Why AllGather() fails in for loops with different iteration values?

I've coded following code to experiment with AllGather():

from mpi4py import MPI

comm = MPI.COMM_WORLD
rank = comm.Get_rank()

a = None
if rank == 0:
a = 2
if rank == 1:
a = 3
z = 2
for i in range(0, a):
z = comm.allgather(z)

print(z, rank)
comm.barrier()


I run it as follows:


mpiexec -n 2 python3 allgather.py


I get the following output:


[[2, 2], [2, 2]] 0


The 2nd processor is stuck and program doesn't terminate.

The output should be:


[[2, 2], [2, 2]] 0

[[2, 2], [2, 2], [2, 2]] 1


I fail to see why 2nd processor gets stuck. It runs correctly if I set a = 2
in both processors. What am I doing wrong?

H2O H2O
Answer

The second process gets stuck because it is trying to gather from all processes, the second process is waiting for the first to join it in the allgather() operation and will wait indefinitely for this to happen.
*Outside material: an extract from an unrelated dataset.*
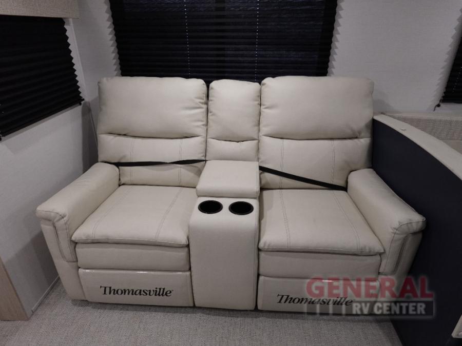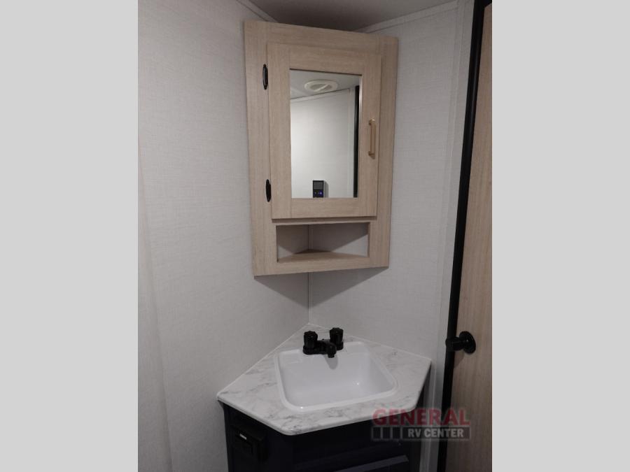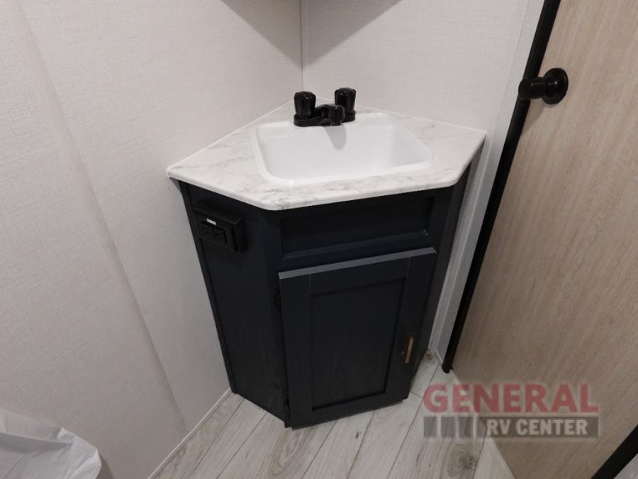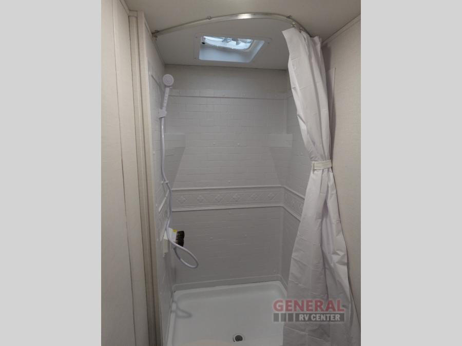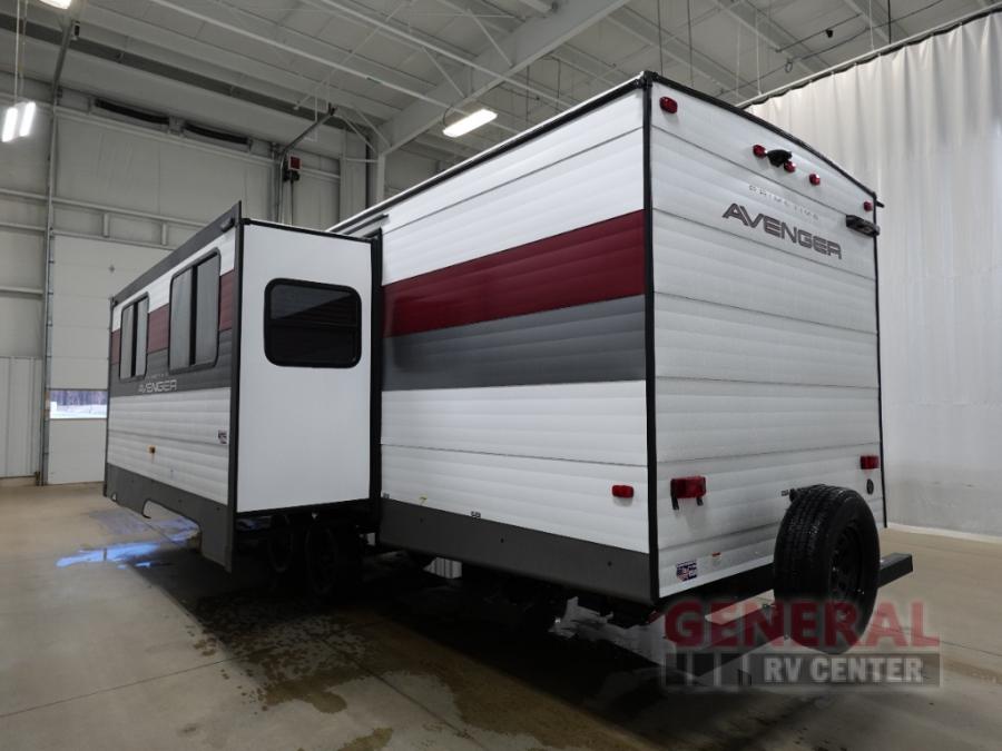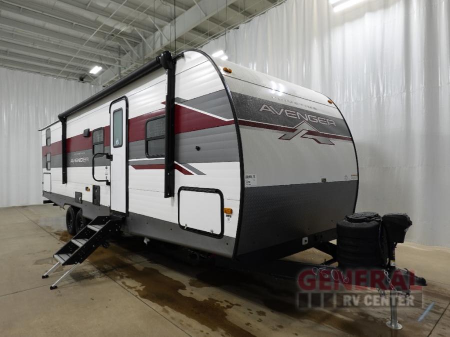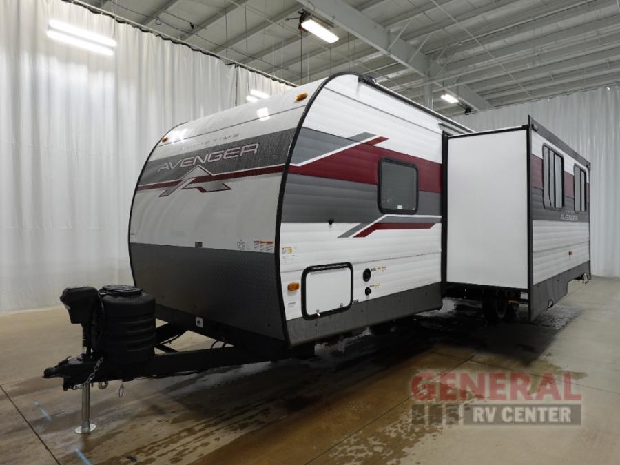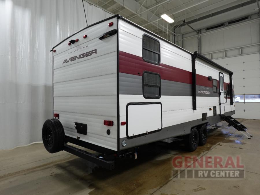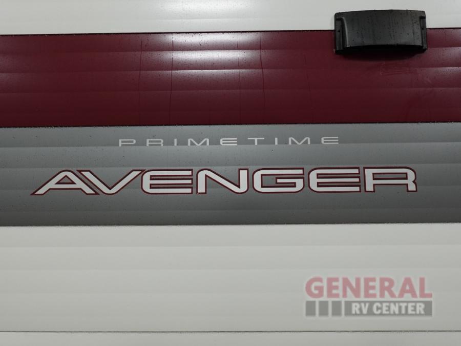 With any Avenger travel trailer by Prime Time, the exterior includes an aerodynamic smooth front metal, a diamond plate front rock guard for protection on the road, and four stabilizer jacks to keep your unit secure. There is a fully walkable roof plus an enclosed and heated underbelly that will help extend your camping season. The interior offers a 15,000 BTU air conditioner for the perfect climate inside, in-floor ducted heat, a systems monitor panel, and a Winegard 360+ antenna with Wi-Fi prep that will give you the option to stay connected as you camp. Each model also includes seamless Carefree Congoleum flooring, kitchen backsplash, shower pans in all models, and pleated nightshades throughout to name a few interior comforts!

It's kind of hard to tell you a good way to fix this without knowing a practical application. But generally all processes will have to partake in a gather operation, the simple fix is to just let process 0 partake without using the result:

from mpi4py import MPI

comm = MPI.COMM_WORLD
rank = comm.Get_rank()

a = None
if rank == 0:
    a = 2
if rank == 1:
    a = 3
z = 2
old_z = None
for i in range(0, a):
    if i == a-1:
        old_z = z 
    z = comm.allgather(z)

if rank == 0:
    comm.allgather(old_z)

print(z, rank)
comm.barrier()

This is not a very elegant solution but it does provide your desired output. Note how I had to store the value of z from the processes previous iteration to get anything close to your desired behavior.

If we don't store the previous value of z we get the following result:

[[2, 2], [2, 2]] 0

[[[2, 2], [2, 2]], [[2, 2], [2, 2]]] 1